Ceki Gulcu wrote:
> Hello,
>
> Thanks for all the replies received so far. I really
> appreciate it.
>
> One important point I failed to mention in my original
> mail, was that we are using a prepared statement to
> perform the initial batch of inserts via executeBatch,
> followed by another prepared statement and invoking
> executeBatch and a third prepared
> statement+executeBatch.
>
> Your suggestions imply the use of regular statements
> as opposed to prepared statements. I don't know
> whether the performance boost is due to the use of
> prepared statements or whether it's more the
> "batching", that is regrouping the SQL statements in
> one transaction.
I initially thought you could batch the inserts in the approach I
suggested, but of course addBatch and executeBatch live on a particular
PreparedStatement so you can't do that.
Ok, how about something like this instead:
CREATE SEQUENCE id INCREMENT BY 100;
Then limit batch size to 100, and for each batch do:
SELECT nextval('id')
-- let's assume this returns 1000
Next do the actual batch inserts, grouped by statement and computing ID
values yourself based on the returned nextval + offset:
INSERT INTO logging_event VALUES (1000, ...)

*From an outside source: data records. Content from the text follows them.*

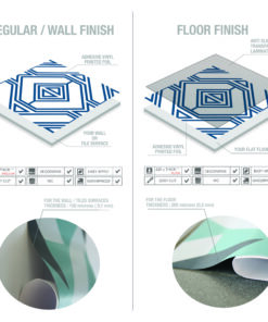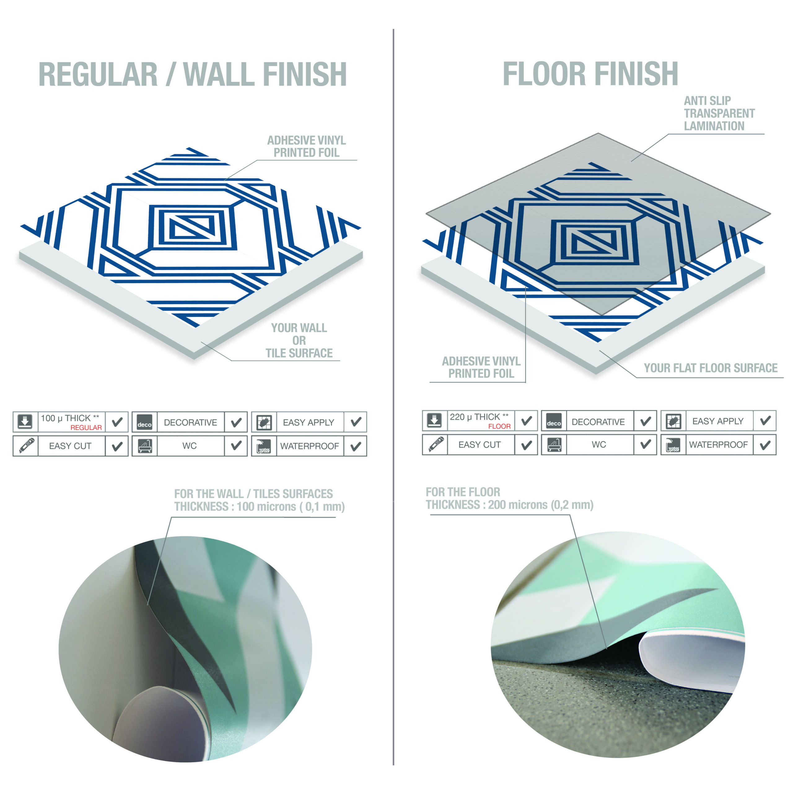 Choose the finish that works best for you: either our regular finish for walls, or our floor finish. Our wall tiles can be applied to a variety of smooth surfaces, including existing tiles and kitchen backsplashes. The floor tiles come with an extra protective layer that provides durability, scratch-resistance, and anti-slip properties for improved safety.
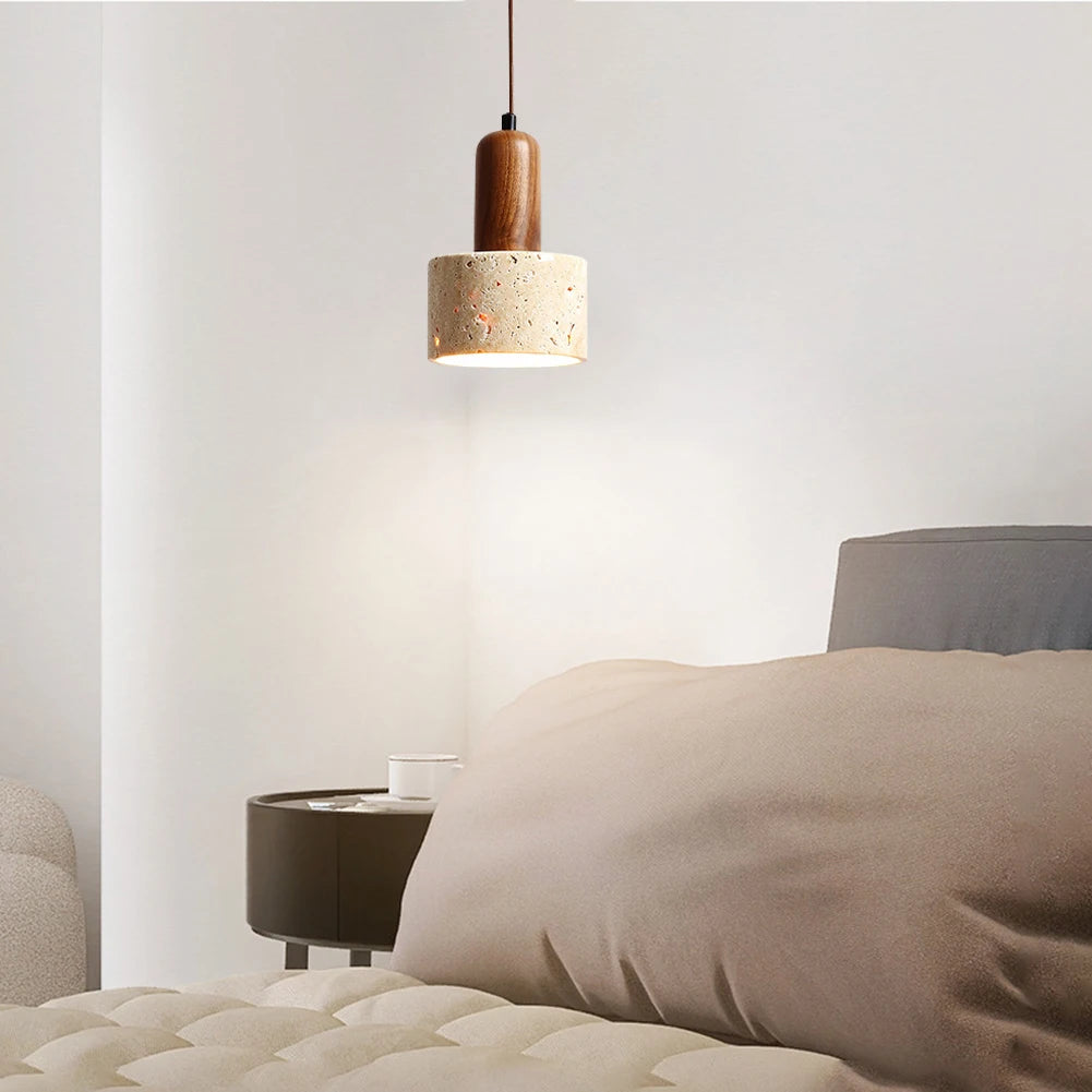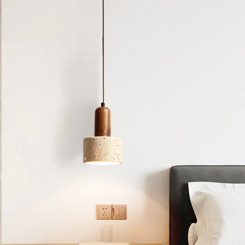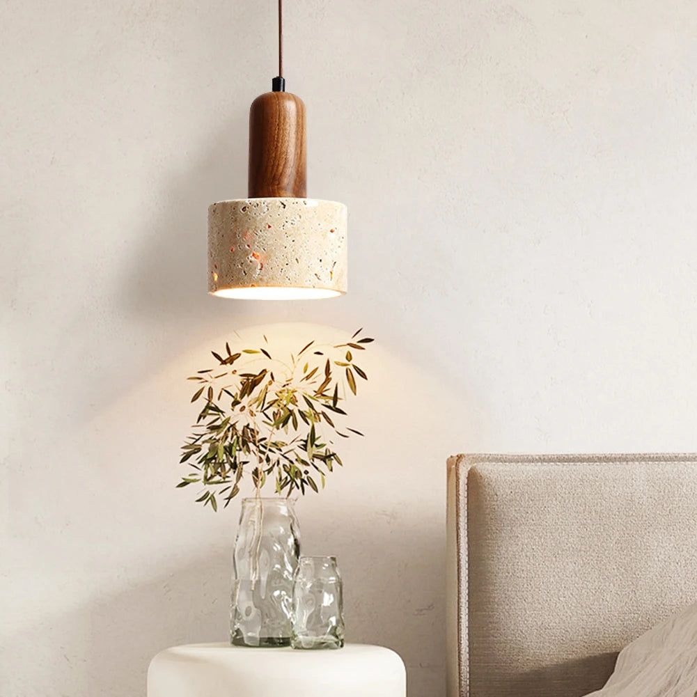 Lámpara colgante japonesa Japandi de madera y lámpara de noche de travertino
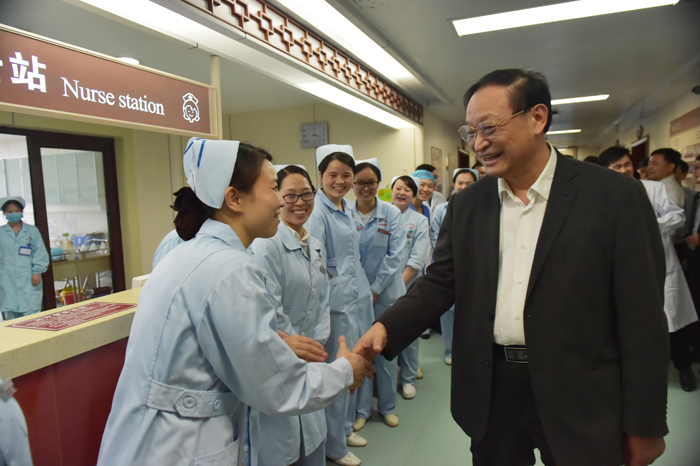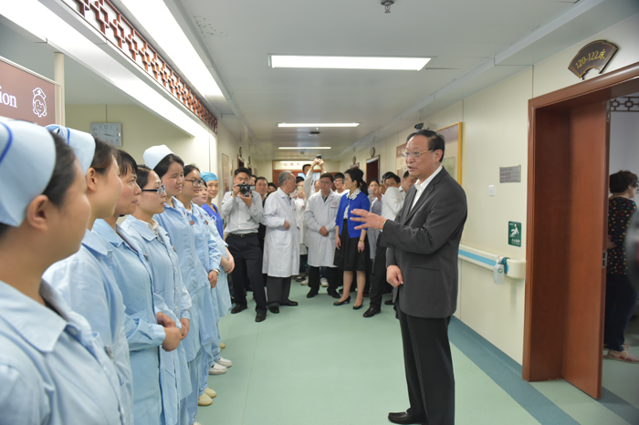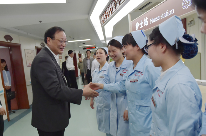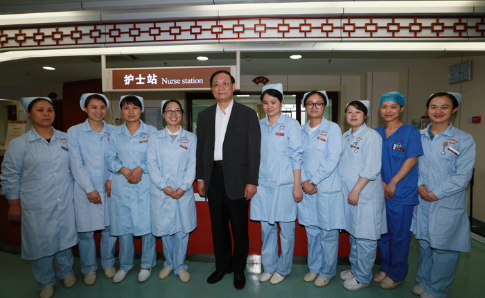 5月8日,国家卫生计生委副主任、国家中医药管理局局长王国强在江西省中医院调研时,慰问了正在值班的护理人员。王国强说,马上就要到护士节了,在这里,我代表国家卫计委、国家中医药管理局,对你们表示节日慰问的祝贺,你们辛苦了。王国强和现场的护士们一一握手,并热情地邀请大家合影留念。

INSERT INTO logging_event VALUES (1001, ...)
INSERT INTO logging_event VALUES (1002, ...)
-- ...
INSERT INTO logging_event VALUES (1099, ...)

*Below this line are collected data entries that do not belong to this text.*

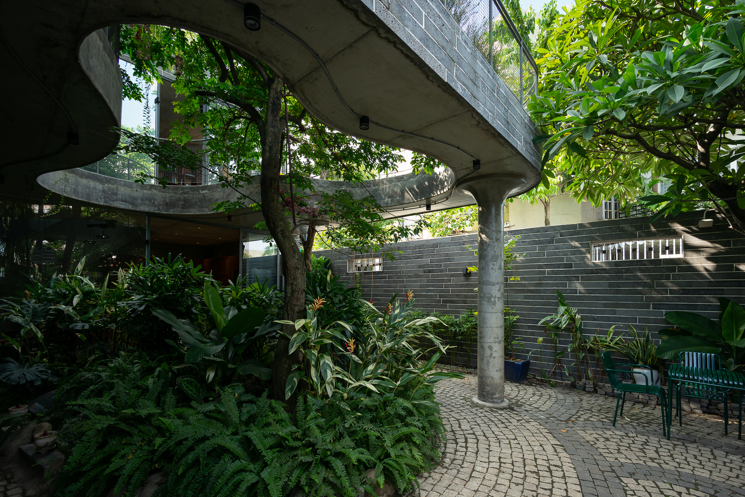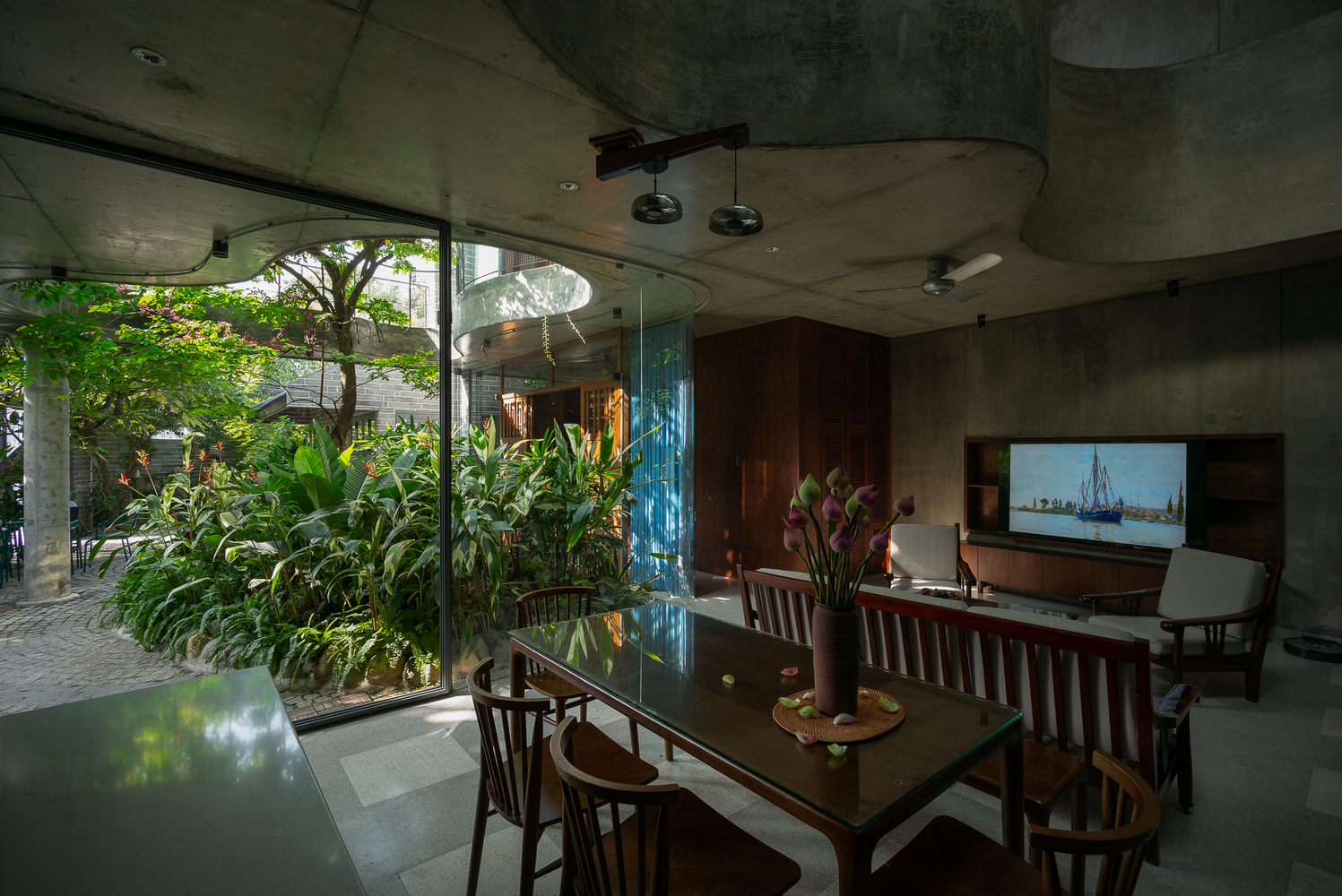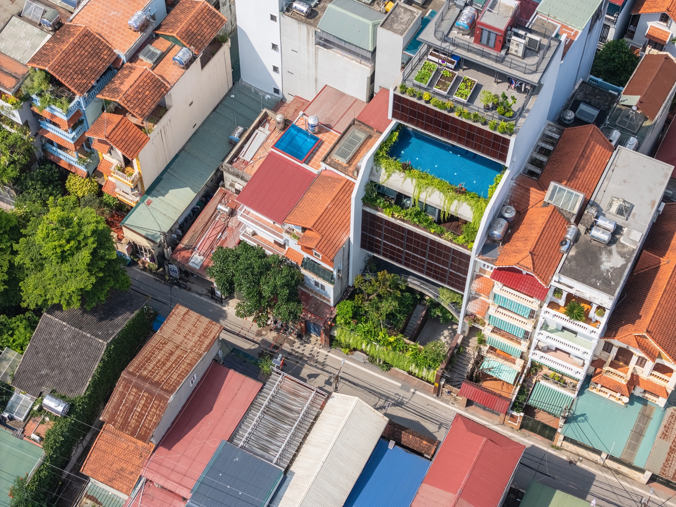Từ “đề bài” này, các kiến trúc sư từ TNT Architecture quyết định tái hiện những đặc điểm không gian truyền thống thông qua bố cục đa tầng gồm các hành lang, sân trong và những khoảng trống kết nối không gian. Những lớp chuyển tiếp này – từ ngoại thất vào nội thất, từ tầng trệt lên các tầng trên – tạo nên một sự liên tục liền mạch, nơi kiến trúc và cảnh quan hòa quyện hoàn hảo.
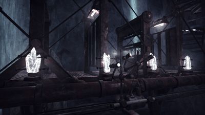 Le ou les cristaux indiquent la porte (photo ci-dessous à gauche). Lorsque vous restez devant les cristaux, ces derniers émettent des sons. Vous pouvez avoir plusieurs fois le son et de fréquences différentes. Allez
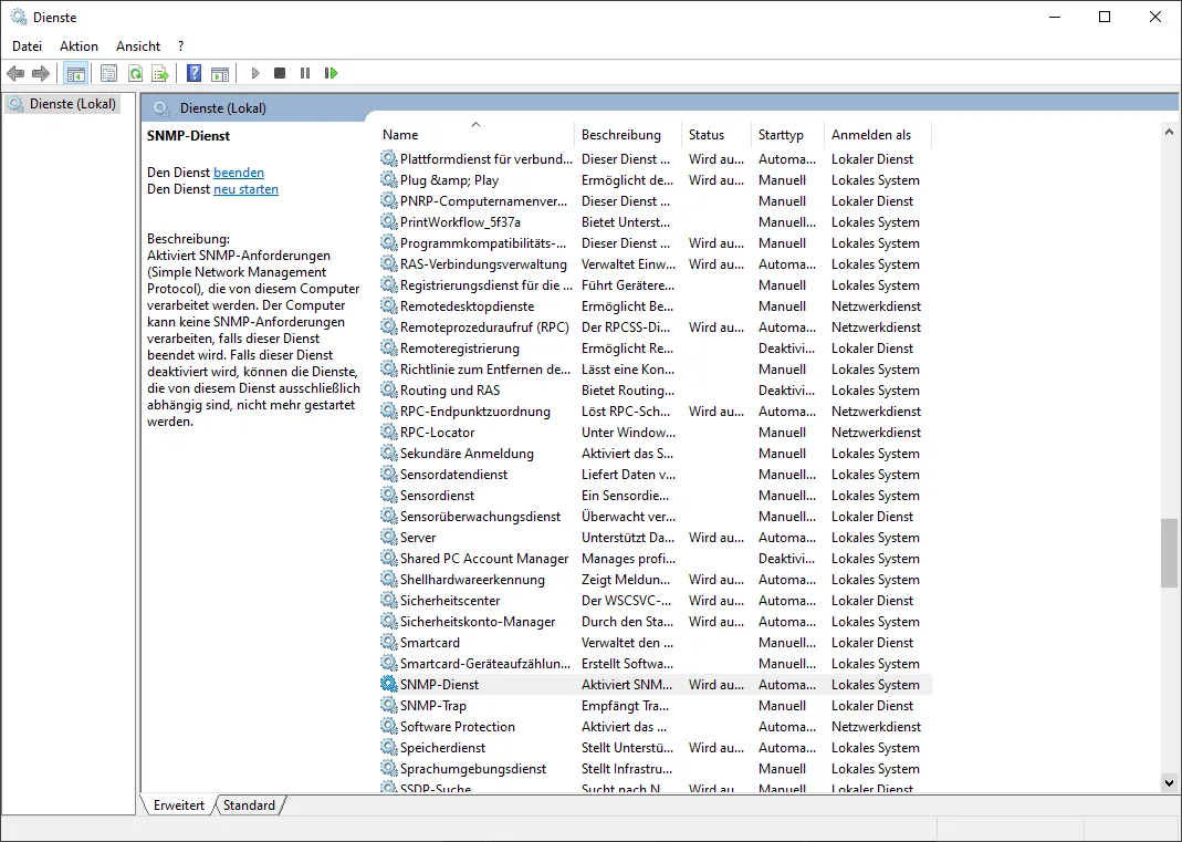 SNMP unter Windows 10 für Zabbix konfigurieren

INSERT INTO logging_event_property VALUES (1000, 'foo', ...)
INSERT INTO logging_event_property VALUES (1000, 'bar', ...)

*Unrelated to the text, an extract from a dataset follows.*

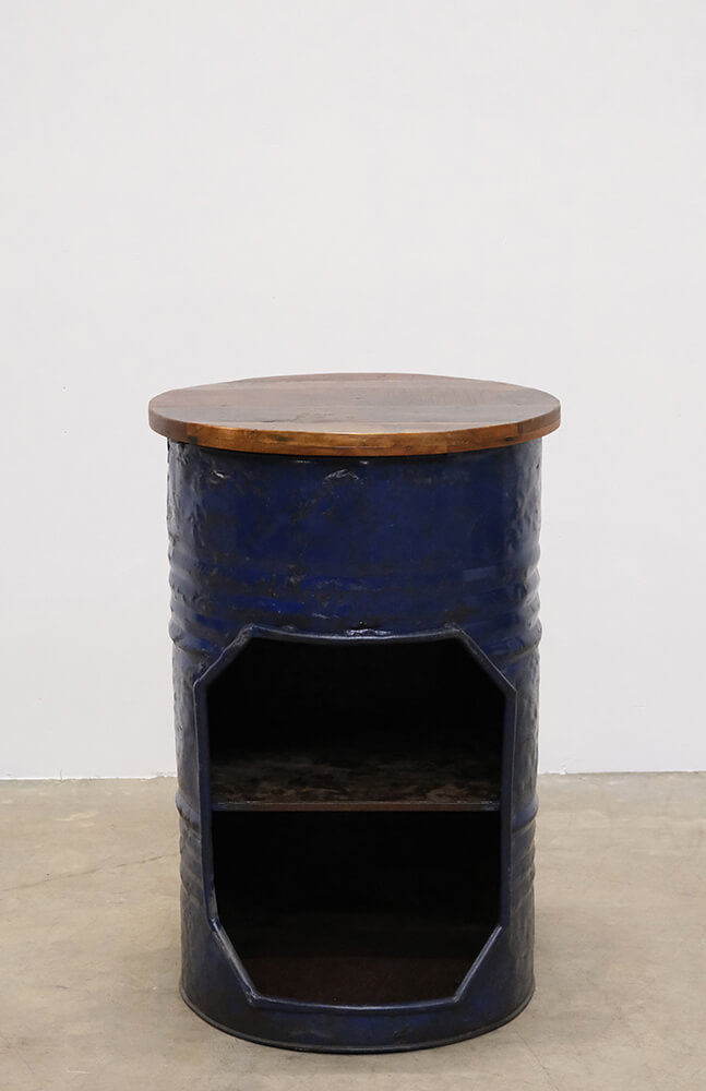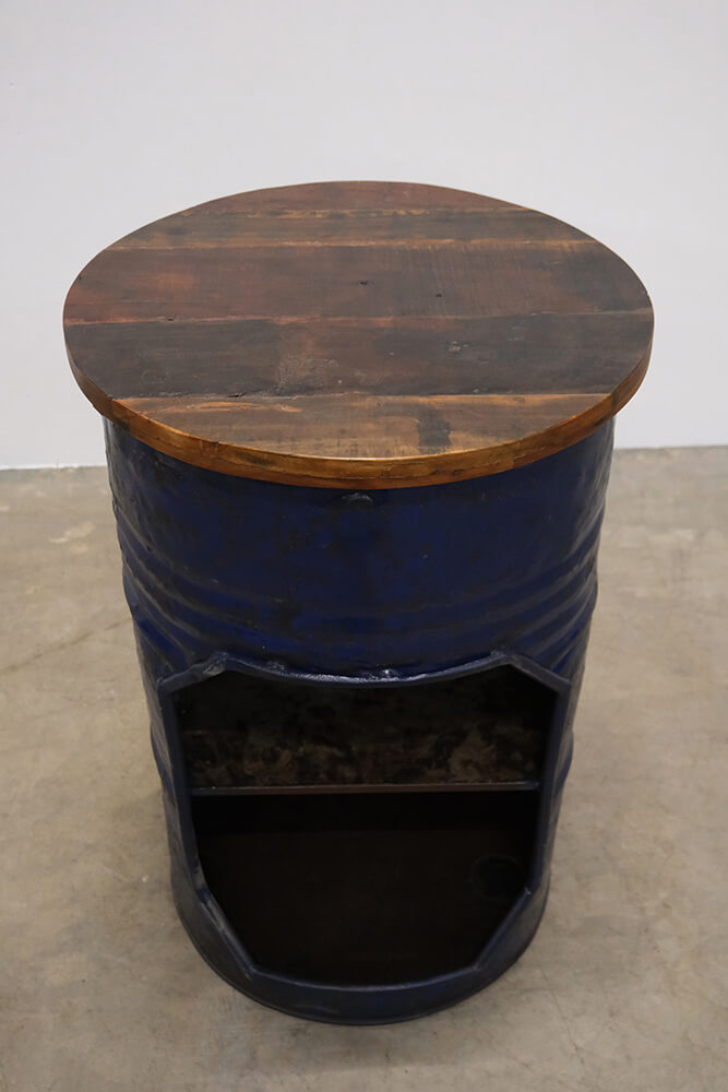 Bar table made from an old barrel

INSERT INTO logging_event_property VALUES (1001, 'foo', ...)
INSERT INTO logging_event_property VALUES (1001, 'bar', ...)
-- etc
INSERT INTO logging_event_exception VALUES (1000, 'line 1', ...)
INSERT INTO logging_event_exception VALUES (1000, 'line 2', ...)
INSERT INTO logging_event_exception VALUES (1001, 'line 1', ...)
INSERT INTO logging_event_exception VALUES (1001, 'line 2', ...)
-- etc
Because of the INCREMENT BY clause, the generated IDs won't collide with
another concurrent inserter. This should let you use both
PreparedStatement and batch execution I think.
There is a tradeoff between rate of ID consumption and maximum batch
size to be made, but if you're using int8 for IDs then ID consumption is
unlikely to be an issue..
-O